Kushner est passé d’avocat spécialisé dans le divorce à celui de courtier matrimonial

NEW YORK TIMES 15 septembre 2020 (cliquez pour lire l’article en anglais US)

Ayant couvert la diplomatie arabo-israélienne pendant plus de 40 ans, je dois dire que les accords de normalisation signés mardi entre Israël et les Émirats arabes unis et Israël et Bahreïn se sont déroulés de manière très inhabituelle – mais incroyablement révélatrice.

Je peux mieux l’expliquer par une analogie de feuilleton: c’est comme si Jared Kushner était un avocat qui avait décidé d’organiser un divorce entre un couple, «Mme. Israël»et « M. Palestine ». Au cours du processus, cependant, M. Kushner a découvert que Mme Israël et M. Palestine étaient si incompatibles qu’ils ne pouvaient même pas s’asseoir ensemble dans une même pièce, et encore moins se mettre d’accord sur son plan de séparation.

Mais en cours de route, M. Kushner a découvert quelque chose d’intrigant: Mme Israël avait une liaison avec M. Emirates, qui fuyait une relation abusive avec Mme Iran.

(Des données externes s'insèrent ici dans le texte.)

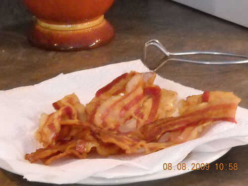 El método de "placa y papel toalla" sólo funciona para un muy pocas piezas ya que saturación las toallas de papel y terminas en efecto freír el tocino en su propia grasa, que aparece y hace un lío en el microondas. También encontré que las toallas de papel Haz pegadas al tocino mal que te puedes, por lo que mezcle la parte afectada o come el papel.
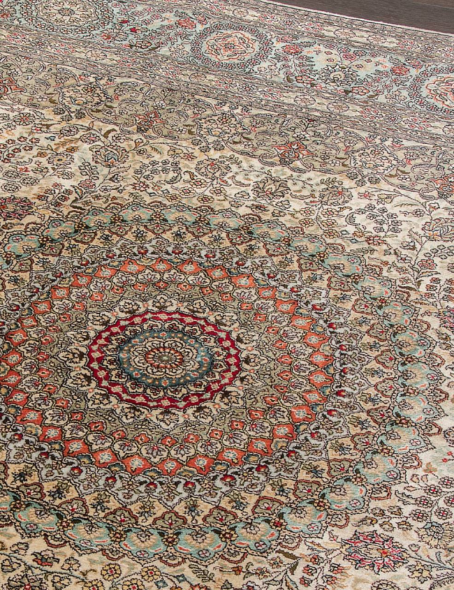 Основа: шелк влияет на устойчивость ковра, сохранение формы и то, как он будет лежать на полу в повседневном использовании.

Ainsi, M. Kushner a cessé d’essayer d’organiser un divorce entre M. Palestine et Mme Israël et s’est plutôt emparé de l’intérêt mutuel de Mme Israël et de M. Emirates à se marier – sans parler de l’intérêt personnel du président Trump de servir de le «juge de paix» qui officierait sur la pelouse de la Maison Blanche au milieu d’une campagne présidentielle.

Le fait que la normalisation des relations Israël-Emirats et Israël-Bahreïn ait été effectivement enclenchée en raison de l’échec, jusqu’à présent, de la diplomatie israélo-palestinienne de l’administration Trump ne diminue pas son importance, même si cela ajoute une bonne dose d’ironie à notre histoire.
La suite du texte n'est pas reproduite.